Africa corps : la milice russe qui redéfinit l’influence de Moscou au Sahel

africa corps : la milice russe qui redéfinit l’influence de Moscou au Sahel

Une milice paramilitaire au cœur de l’actualité africaine. Africa Corps, cette organisation secrète liée à la Russie, vient de perdre l’un de ses bastions clés au Mali. La reddition de Kidal, après des combats intenses et des négociations tendues, marque un tournant dans l’équilibre des forces au Sahel. Malgré ce revers, cette structure militaire reste un pilier stratégique pour Moscou dans la région.

un week-end décisif pour la junte malienne

Les événements de ce samedi sanglant ont bouleversé la donne. Des attaques simultanées ont ciblé des positions clés de la junte à Bamako et dans plusieurs villes majeures. Le ministre malien de la Défense, Sadio Camara, a trouvé la mort lors de ces opérations. Pendant ce temps, dans l’est du pays, les rebelles touaregs ont repris le contrôle de Kidal, une ville stratégique jusqu’alors sous l’emprise d’Africa Corps depuis plusieurs années. Après des heures de lutte et des pourparlers, les mercenaires russes ont finalement accepté de se retirer.

Cette milice, considérée comme l’une des branches les plus discrètes du Kremlin à l’international, s’impose désormais comme un acteur incontournable au Sahel. Son retrait de Kidal ne signifie pas un désengagement total, mais plutôt une adaptation de ses méthodes d’influence.

de Wagner à africa corps : une transition sous haute tension

L’émergence d’Africa Corps s’inscrit dans un contexte de profonde mutation.
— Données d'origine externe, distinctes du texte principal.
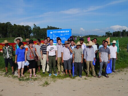 2014年7月3日,海南分公司中化智勝螯合肥套餐黑美人西瓜實驗示范田觀摩會在東方市八所鎮(zhèn)居龍新村圓滿召開。此次活動邀請了當(dāng)?shù)亟?jīng)銷商、西瓜種植大戶共30余人參加。
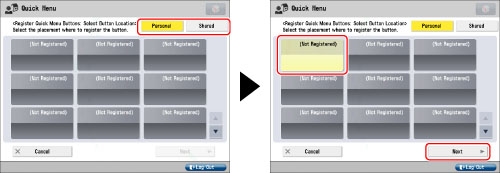 The number of Personal buttons that can be registered may be less than the maximum, depending on the memory usage of the Quick Menu function.

En 2023, alors que le groupe Wagner, autre milice russe, perdait progressivement de son influence après la mort de ses fondateurs Evgueni Prigojine et Dmitri Outkine, une nouvelle structure a été mise en place. Un blogueur militaire russe, Deux Majors, avait révélé sa création sur Telegram dès novembre 2023, citant des déclarations d’Igor Korotchenko, ancien colonel et journaliste proche du pouvoir moscovite. La supervision directe de cette milice aurait été confiée à Iounous-bek Evkourov, vice-ministre russe de la Défense.

Contrairement à Wagner, souvent critiqué pour ses exactions et son manque de discipline, Africa Corps mise sur une approche plus discrète et centralisée. Son objectif affiché est de soutenir les régimes africains dans leur quête d’autonomie, loin de l’influence occidentale. « Cette milice a pour mission de mener des opérations militaires d’envergure pour aider les nations africaines à se libérer de la dépendance néocoloniale et à sécuriser leurs ressources », explique Korotchenko.

des ambitions géopolitiques claires

Le nom même d’Africa Corps n’est pas anodin. Il fait directement référence à l’Afrikakorps, une unité allemande ayant opéré en Afrique du Nord durant la Seconde Guerre mondiale. Une référence historique qui souligne l’ambition de Moscou de s’imposer comme une puissance incontournable sur le continent.

Parmi ses priorités, Africa Corps cherche à renforcer les liens avec les gouvernements alliés de la Russie. En échange de soutien militaire et logistique, ces pays lui offrent un accès stratégique à des ressources minières et à des routes migratoires. Le Burkina Faso, la Libye, le Soudan, la République centrafricaine et le Niger figurent parmi les principaux théâtres d’opération de cette milice.

un rôle central au Mali malgré les revers

Depuis 2024, Africa Corps a progressivement remplacé Wagner au Mali, déployant des centaines, voire des milliers de combattants. La junte malienne, fragilisée par les rebellions touarègues et les groupes djihadistes, compte sur cette milice pour maintenir son emprise sur le pouvoir. Moscou y voit une opportunité d’étendre son influence, notamment après le retrait des forces occidentales, dont la France, de la région.

Les sanctions internationales n’ont pas épargné Africa Corps. En 2024, le Royaume-Uni l’a accusée de « violations massives des droits humains » et d’exploitation abusive des ressources naturelles des pays où elle opère. Pourtant, ces mesures n’ont pas entamé sa détermination à s’enraciner durablement au Sahel.

une milice plus discrète mais tout aussi redoutable

Si Africa Corps évite pour l’instant les excès de violence attribués à Wagner, son rôle dans la répression des mouvements opposants et la sécurisation des zones minières soulève des questions. Son modèle, basé sur des alliances avec les juntes locales, lui permet de contourner les critiques internationales tout en consolidant l’influence russe.

Alors que les combats pour Kidal illustrent les défis croissants de cette milice, une chose est sûre : Africa Corps s’impose comme un acteur durable de la géopolitique africaine, déterminé à façonner l’avenir du Sahel selon les intérêts de Moscou.